## Information provided:
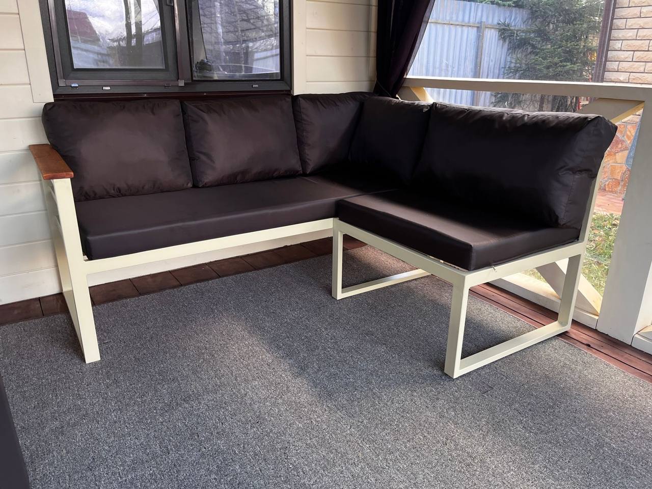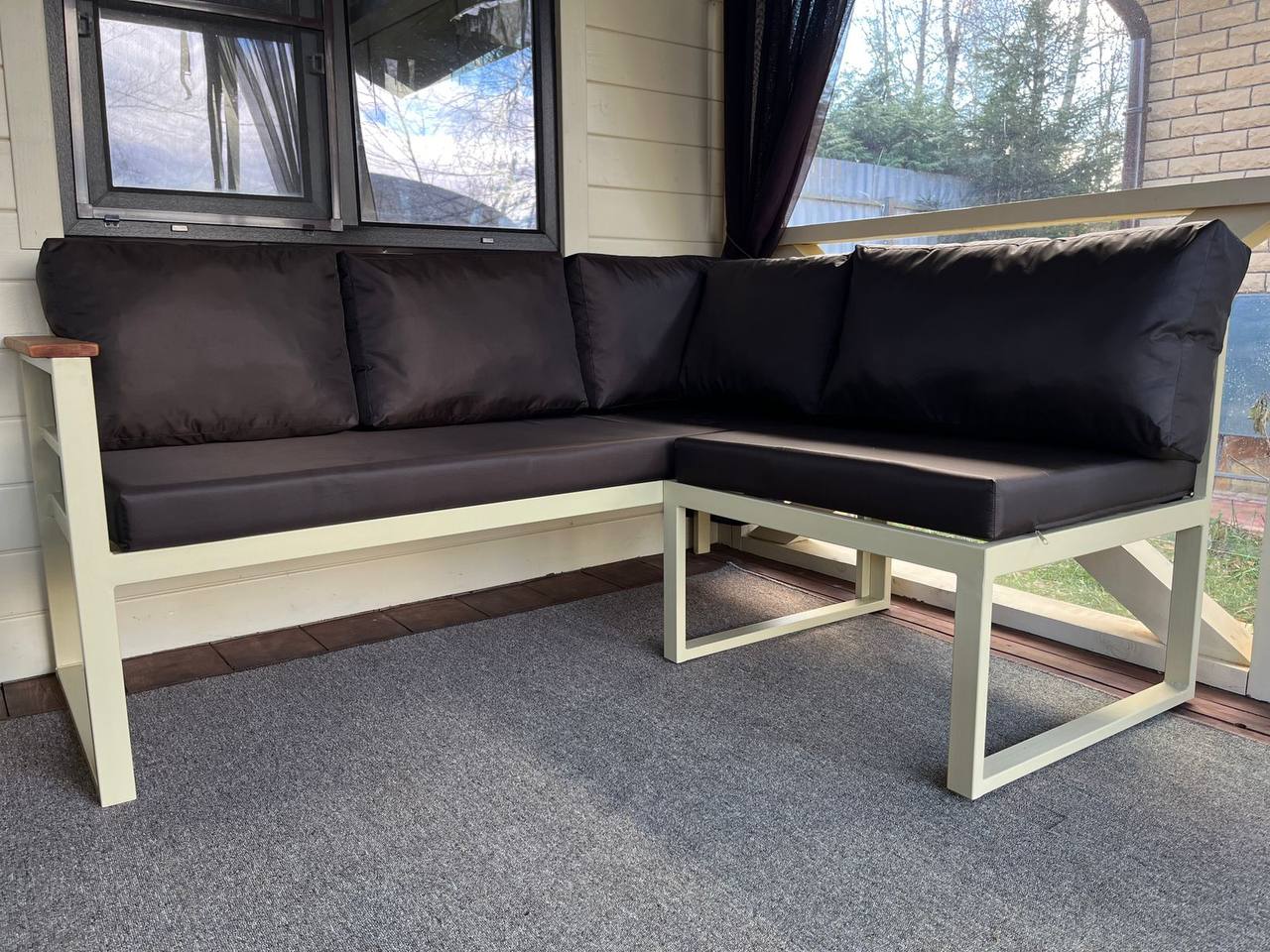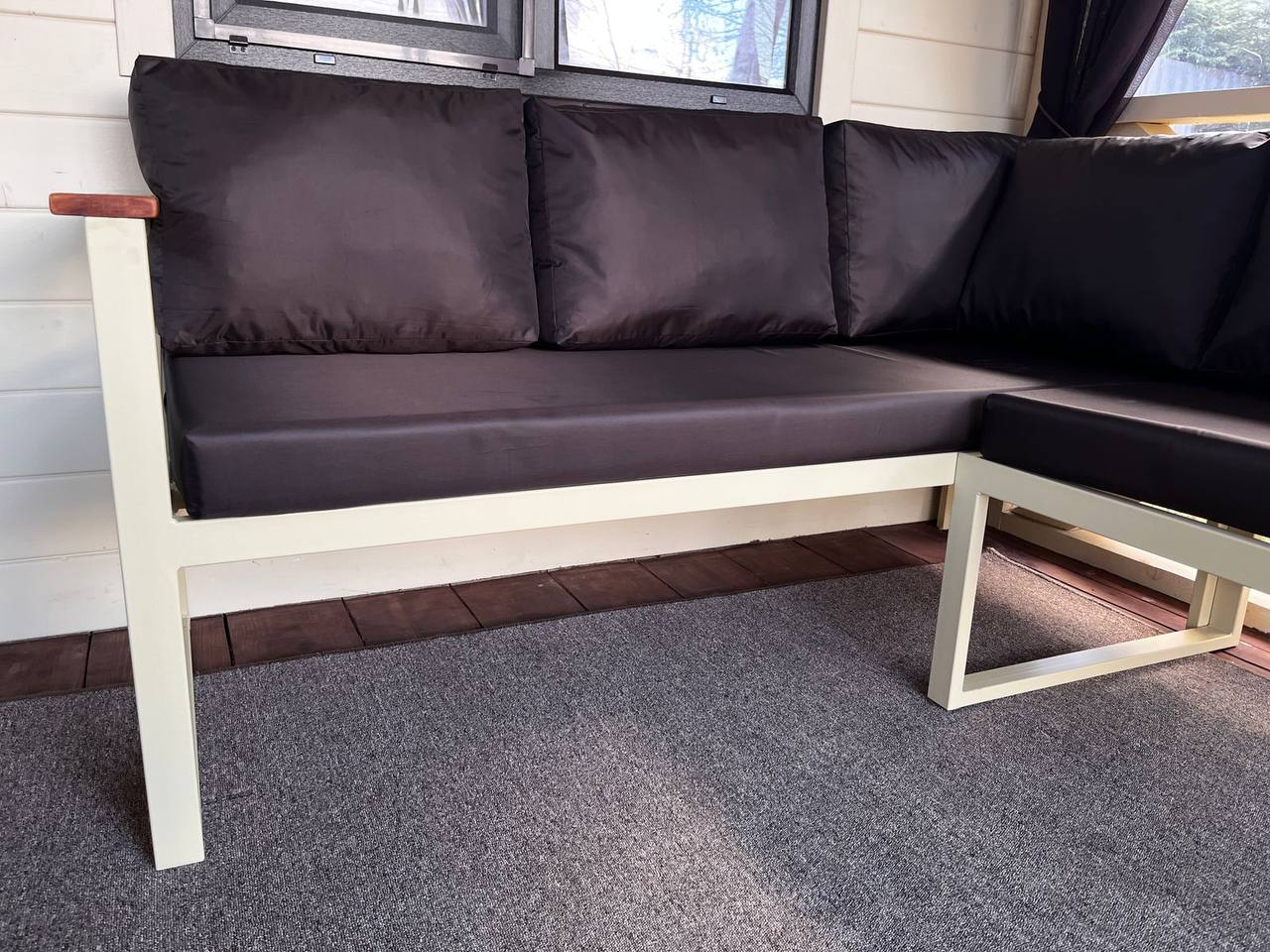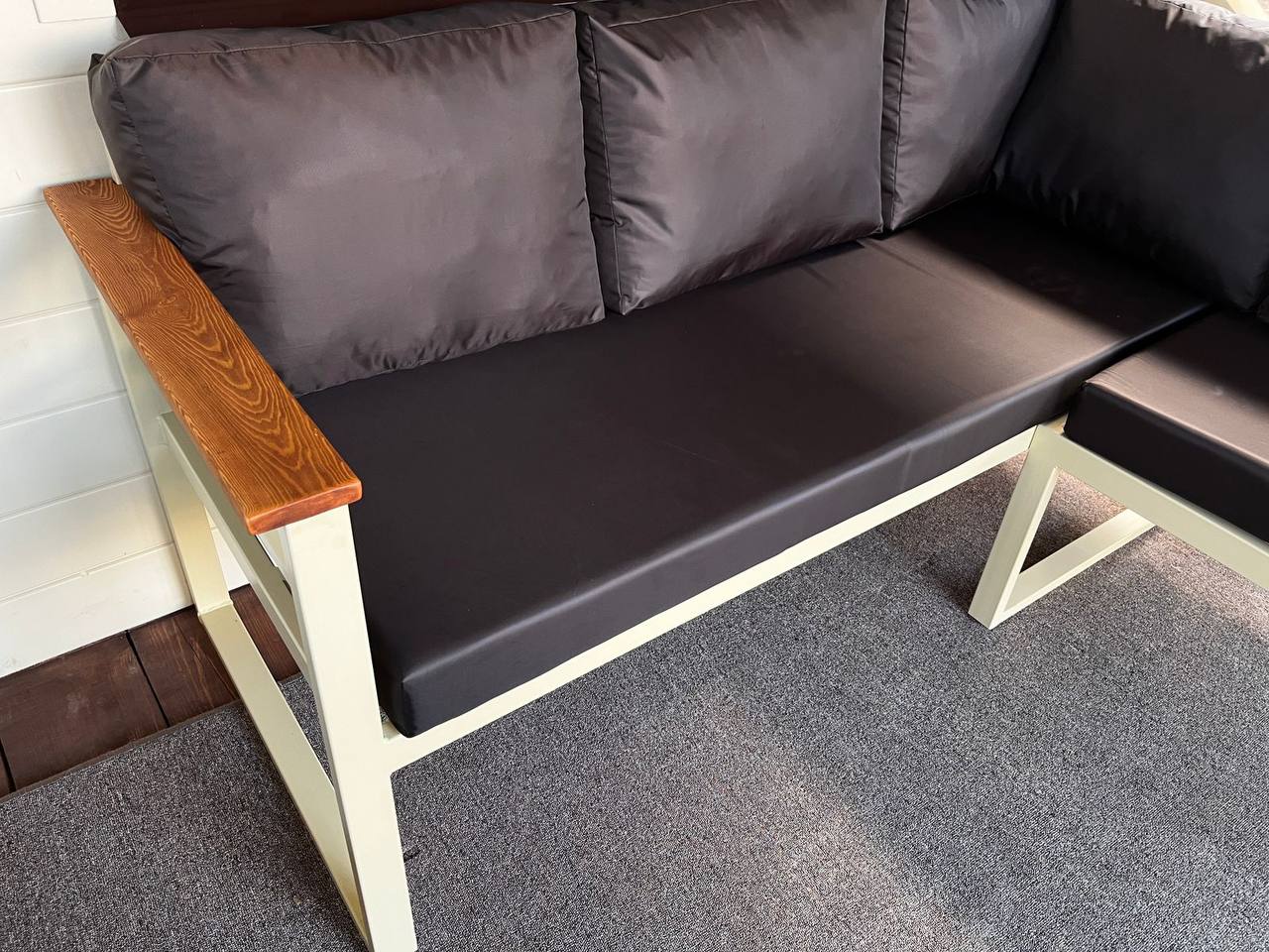 Уличный угловой диван Loft с деревянными подлокотниками
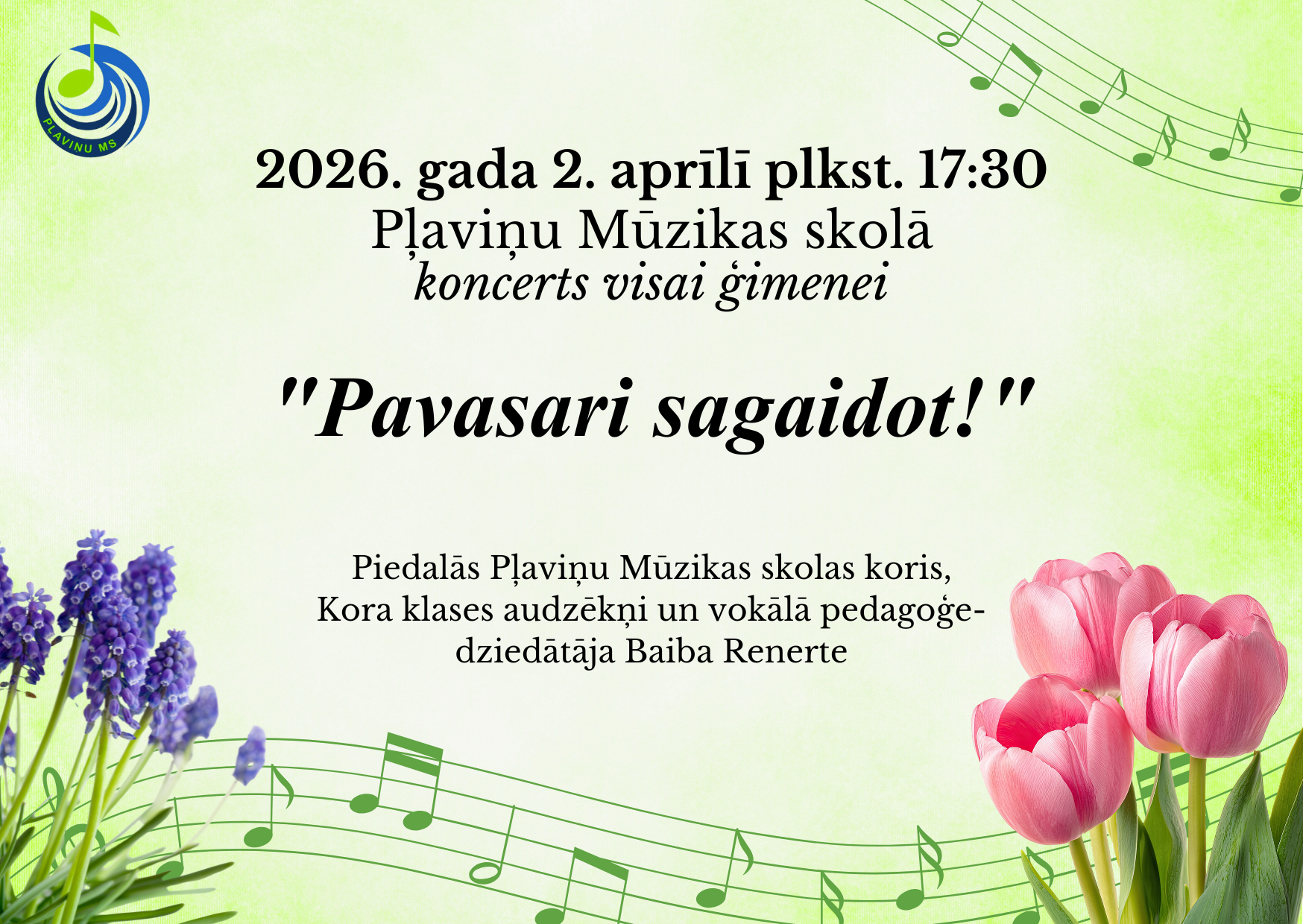 2. aprīlī mūsu mūzikas skolā izskanēja sirsnīgs un pavasarīgām noskaņām piepildīts kora un kora klases audzēkņu atklātais mācību koncerts “Pavasari sagaidot!”  Koncertā uzstājās skolas koris un dziedātāja – vokālā pedagoģe Baiba Renerte.
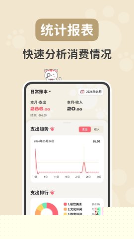 3. 深度可视化数据分析:喵钱记账内置强大的统计引擎,能够基于用户的记账数据,按日、周、月、年或自定义周期生成多种可视化图表。消费结构环形图可以直观展示钱花在了哪里,消费排行榜能快速定位支出最多的类别,而对比图表则有助于分析不期的消费差异。这些深入浅出的分析报告,极大地降低了用户理解复杂财务数据的门槛,使其能够轻松洞察自身的消费偏好与潜在问题,为优化消费结构提供数据支持。
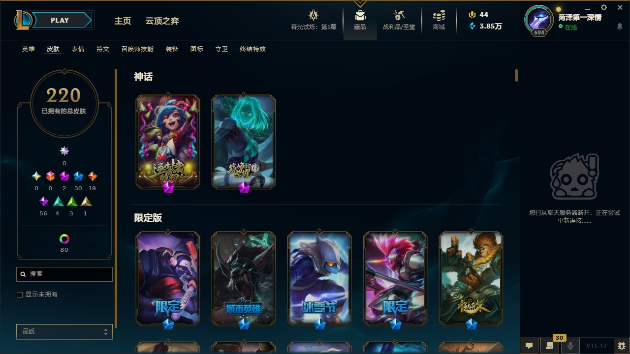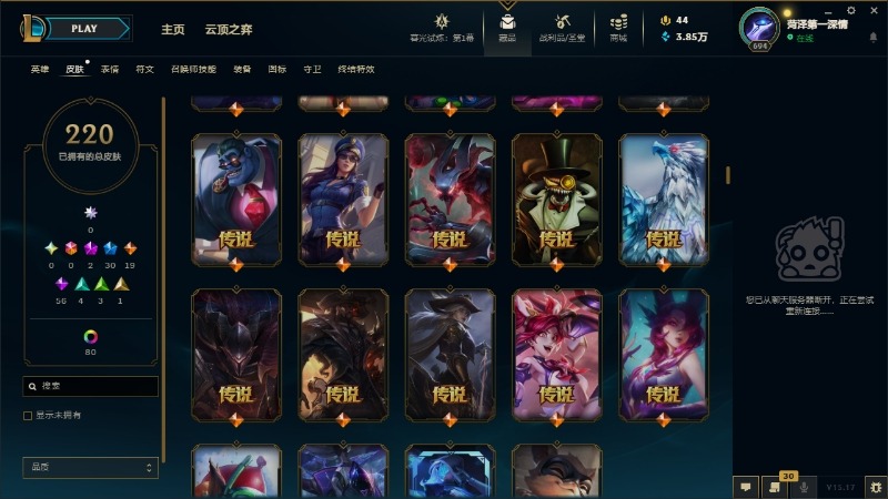 [11681330]2神话 2臻彩 29限定 19传说 220皮肤 100炫彩 170英雄 可二次 可修改实名 优质装备:无畏骑士 瑟庄妮 赤子初心,红莲之刃 锐雯 皮肤:腥红之月 派克,雷霆领主 奥恩,星之守护者 霞,暮星之羽 霞,永恒之森 巴德,SKT T1 卡莉丝塔,腥红之月 卡莉丝塔,糖果之王 艾翁,冠军典狱长 锤石,深渊恐惧 锤石,玉剑传说 寒潭夭夭,源代码 娜美,海皇姬 娜美,胜利之剑 亚托克斯,腥红之月 亚托克斯,霸天剑魔 亚托克斯,炼狱魔女 蔚,胜利枪神 卢锡安,西部魔影 卢锡安,源计划:雷 卢锡安,源计划:疯狂 金克丝,奥德赛 金克丝,星之守护者 金克丝,黑帮狂花 金克丝,银河魔装机神 千珏,源计划:升华 烬,猛虎 布隆,屠龙勇士 布隆,战地机甲 维克兹,黑夜使者 亚索,源计划:风 亚索,最后一只恐龙 纳尔,神龙尊者 玉境灵龙 卡莎,K/DA 卡莎,驯龙女巫 婕拉,血羽凤凰 奎因,无限烈焰 黛安娜,暗黑女武神 黛安娜,源代码 丽桑卓,血石妖后 丽桑卓,战斗学院 杰斯,全金属狂潮 杰斯,地下都市 梦魇 德莱厄斯,生化骑士 德莱厄斯,电玩战魂 赫卡里姆,幽魂骑士 赫卡里姆,德莱德莱德莱文,灵魂收割者 德莱文,驯龙女巫 璐璐,泳池派对 吉格斯,玉剑传说 无双,皇家守卫 菲奥娜,胜利女神 瑟庄妮,瑟庄妮·逐晓者,魄罗骑士 瑟庄妮,野兽女王 瑟庄妮,光明骑士 诺提勒斯,失落大陆 诺提勒斯,白色死神 韦鲁斯,坚韧不屈 沃利贝尔,雷霆领主 沃利贝尔,胜利枪神 格雷福斯
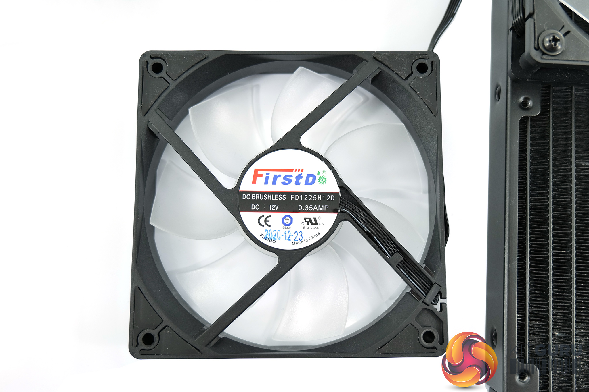 The AIO is an Asetek-branded unit, measuring 394 x 120 x 52.48mm (including the fans). The sleeved tubing measures 470mm long, while Sapphire is using three FirstDO 120mm RGB fans on the radiator, with model code ‘FD1225H12D'.
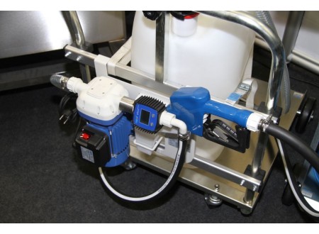 NEU - mobiler RAPID AdBlue® Spender mit flexiblen Gebindeeinheiten, Elektropumpe und geeichter Messeinheit vor dem Handdurchlauf. |
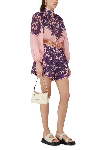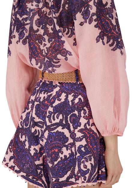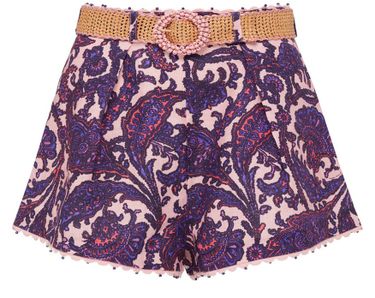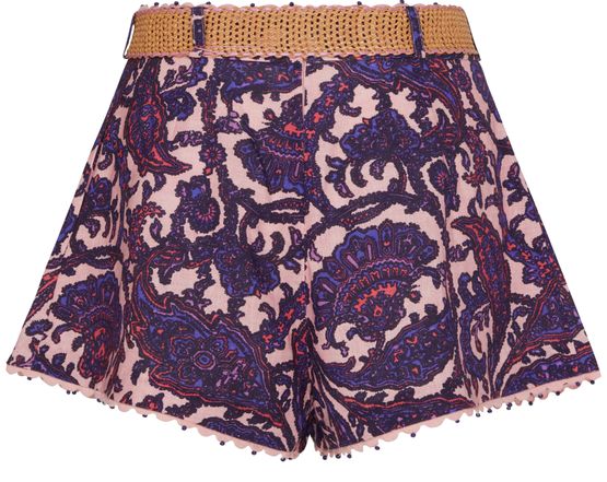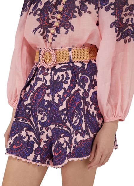 Description : Mid-length shorts, a-line cut, belted waist, paisley pattern, multicolored print, scalloped edge, bead details / Pearl details (en fonction du type de perle), high-waisted fit.

## The task:
Write the lines out exactly, beginning at the line that holds "NEU - mobiler" and stopping after the last line of the entries; include no pictures.

## Response:
 NEU - mobiler RAPID AdBlue® Spender mit flexiblen Gebindeeinheiten, Elektropumpe und geeichter Messeinheit vor dem Handdurchlauf. |
 Description : Mid-length shorts, a-line cut, belted waist, paisley pattern, multicolored print, scalloped edge, bead details / Pearl details (en fonction du type de perle), high-waisted fit.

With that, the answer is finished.